Le ministère du Commerce et du Tourisme dément formellement l’information parue dans votre livraison du 28 mars 2011 " article : des manifestants s’attaquent à un convoi ministériel, diplomates et de journalistes à Souk Lahad ", selon laquelle la voiture du ministre a fait l’objet d’un jet de pierres à l’entrée de la ville de Souk Lahad.
Ni la voiture du ministre ni celles des diplomates n’ont fait l’objet d’aucune attaque du genre sauf celle de la Garde nationale qui devançait de loin le cortège.
La journaliste de "Businessnews", qui était elle même loin de l’entrée de la ville- de l’aveu de plusieurs journalistes présents- a procédé à un raccourci hâtif bafouant ainsi les règles déontologiques les plus élémentaires du métier de journaliste.
Zeyneb Dridi, votre envoyée spéciale et invitée par le ministère a, à travers cette information erronée porté préjudice à un secteur dont la relance rapide est une priorité nationale absolue précisément au regard du fort contenu économique et social de l’activité touristique.

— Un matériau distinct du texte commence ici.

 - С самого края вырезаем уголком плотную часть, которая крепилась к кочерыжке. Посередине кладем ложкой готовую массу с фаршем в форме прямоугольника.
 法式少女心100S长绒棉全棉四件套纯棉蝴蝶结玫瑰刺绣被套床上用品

Réponse de Business News : Nous avons certes écrit que la voiture du ministre a été la cible de jets de pierres, alors que ce sont les voitures (et non la voiture) de la Garde nationale qui l’ont été, mais de là à ce que le ministre nous accuse de bafouer les règles déontologiques les plus élémentaires en raison d’une erreur d’appréciation de notre journaliste (qui n’a pas distingué la voiture du ministre de celle de la Garde nationale) est un raccourci hâtif de sa part puisqu’il s’agit d’un détail par rapport aux faits clairement avérés qu’il cherche à minimiser.

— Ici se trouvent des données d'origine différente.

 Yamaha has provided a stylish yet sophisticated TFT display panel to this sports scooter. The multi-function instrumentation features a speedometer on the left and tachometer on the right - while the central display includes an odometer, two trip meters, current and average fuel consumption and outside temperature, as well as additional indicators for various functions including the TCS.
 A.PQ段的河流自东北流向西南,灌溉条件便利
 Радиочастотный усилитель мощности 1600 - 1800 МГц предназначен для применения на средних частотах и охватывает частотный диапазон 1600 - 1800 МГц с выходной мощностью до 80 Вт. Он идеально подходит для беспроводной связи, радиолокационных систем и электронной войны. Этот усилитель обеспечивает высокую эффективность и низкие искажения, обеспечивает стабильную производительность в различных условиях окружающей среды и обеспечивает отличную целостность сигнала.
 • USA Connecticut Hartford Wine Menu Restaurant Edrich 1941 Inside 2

Le ministre ne pèse pas ses mots, en s’attaquant à un média qui a fait son devoir, et c’est dommage, car ce n’est pas l’information de Business News qui a porté un préjudice au secteur, mais les agents cagoulés et fortement armés des forces de sécurité qui ont déclenché l’ire des habitants de Souk Lahad et qui seraient derrière le remplacement du ministre de l’Intérieur.

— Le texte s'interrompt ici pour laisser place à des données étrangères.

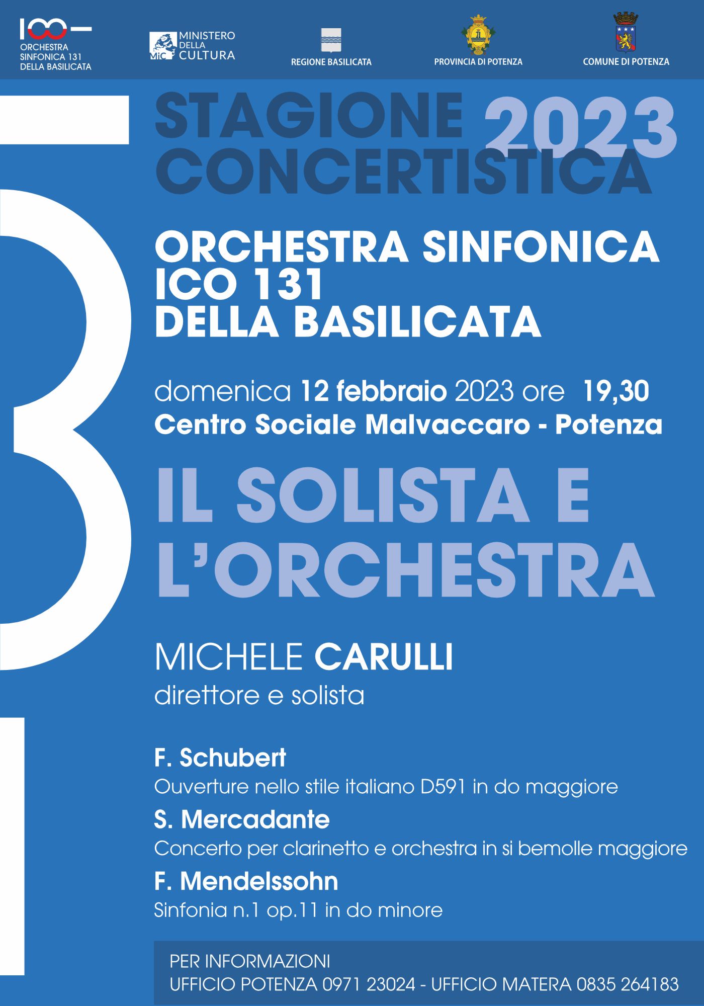 Centro Sociale Malvaccaro - Potenza PotenzaSTAGIONE CONCERTISTICA 2023 ORCHESTRA SINFONICA ICO 131 DELLA BASILICATA Domenica 12 febbraio 2023 ore 19,30 Centro Sociale Malvaccaro - Potenza IL SOLISTA E L’ORCHESTRA MICHELE CARULLI direttore e solista F. Schubert - Ouverture nello stile italiano D591 in do maggiore S. Mercadante - Concerto per...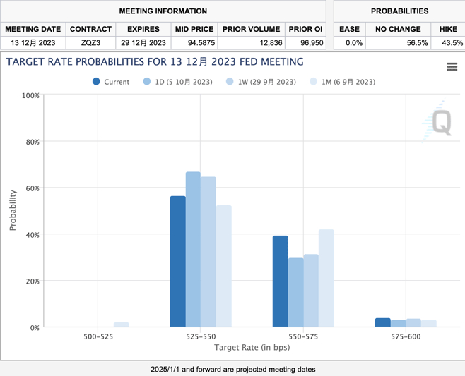 上述数据发布后,市场加大了对美联储年内加息的押注。CME美联储观察工具显示,认为美联储12月维持利率不变的可能性为56.5%,加息25个基点的可能性为39.5%,此前一天的数据分别为66.98%和29.8%。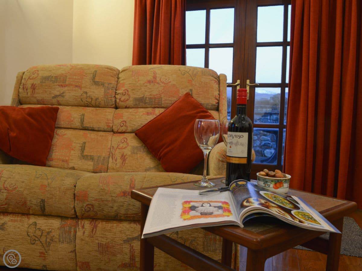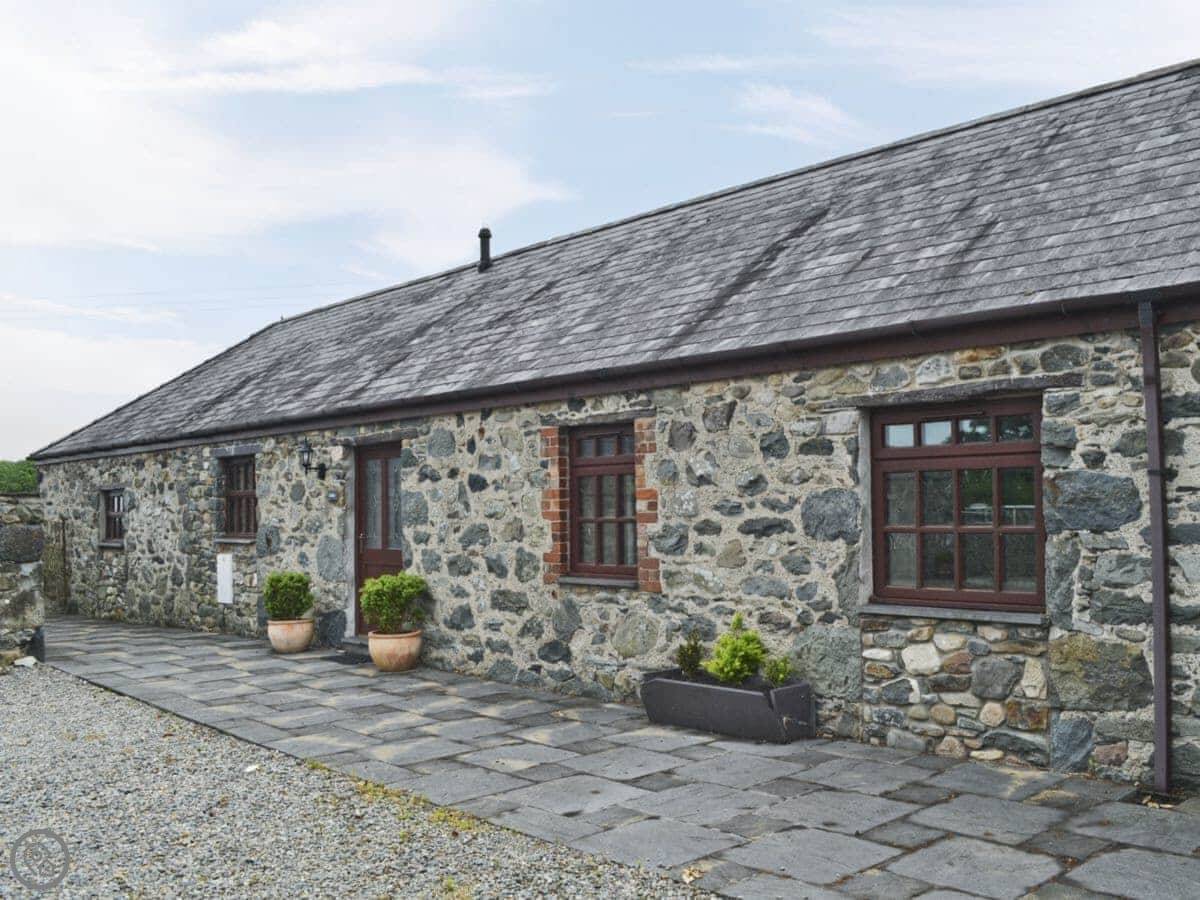 This is Gadlas. It's a barn conversion in Dinas, near Caernarfon in North Wales. It's all on one floor, which is handy. You get nice views over the fields from the living room. You can actually see the turrets of Caernarfon Castle from the window, which is a bit special.

M. Houas a bien souhaité qu’on ne parle pas de cet incident, au prétexte de la priorité nationale, mais nous nous refusons à ce type de censure, car ce sont ces mêmes prétextes que nous brandissait l’ancien régime qui a élargi les priorités nationales à différents autres secteurs bâillonnant ainsi toute la presse. Nous ne continuerons pas à servir de bouc émissaire.